Der Führer der ELN-Guerilla-Gruppe, Antonio García, sagte, seine Organisation werde sich einer vereinten Front gegen jede US-Militärintervention anschließen, wobei er die Vertreibung des venezolanischen Präsidenten Nicolás Maduro als eine kolonialistische Bedrohung anführte.
Die ELN, die am Drogenhandel beteiligt ist und Teile der Grenze Kolumbien-Venezuela kontrolliert, hat angeblich Verbindungen zu Caracas unterhalten und Venezuela als Zufluchtsort genutzt.
Andere Rebellenführer, auch von dissidenten FARC-Fraktionen, haben zu einer regionalen Koalition aufgerufen, um den US-Aktionen zu widerstehen.
Die Spannungen zwischen Kolumbien und den USA sind unter Präsident Donald Trump gestiegen, der Kolumbiens Drogenpolitik kritisiert und Sanktionen gegen Präsident Gustavo Petro drohte.

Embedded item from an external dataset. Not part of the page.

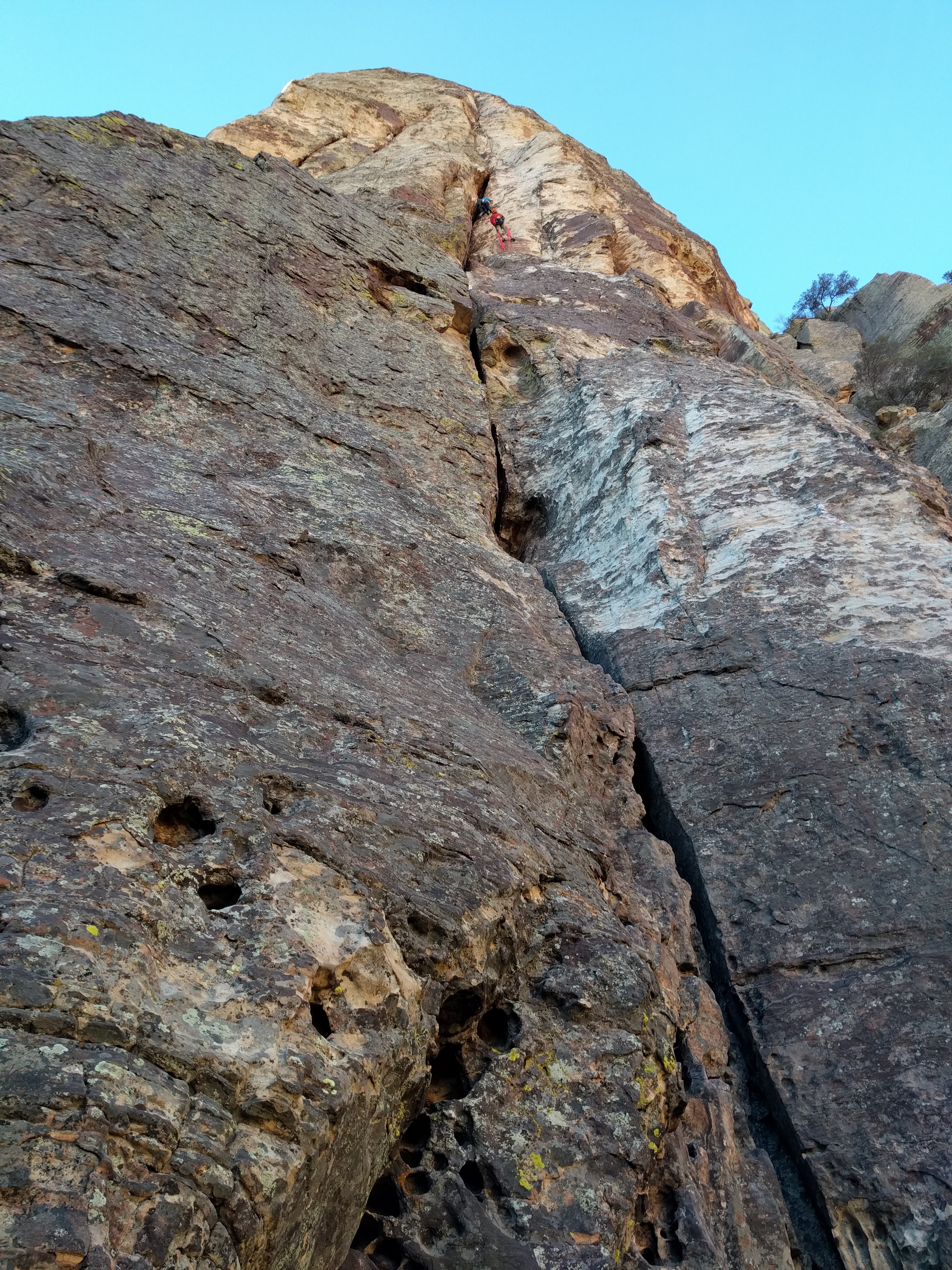 My friend K taught me how to make a basic anchor at the bolts using quick draws and clove hitches and to use my tube style device to belay him up. Awesome experience. While the pitches also had old pitons and newer bolts, there were also plenty of opportunities to place our own cams.

Trotzdem hat ein kürzlicher Anruf den Weg für einen Besuch im Weißen Haus im Februar geebnet.
Die US-Militärstreiks in der Karibik und im Pazifik haben seit September mehr als 100 Menschen getötet, die auf mutmaßliche Drogenhandelsschiffe abzielen, während die poröse 2.200 Kilometer lange Grenze nach wie vor ein Hotspot für bewaffnete Konflikte und illegale Aktivitäten ist.
Colombia's ELN vows unified resistance against potential U.S. military intervention, citing Maduro's ouster as a colonial threat.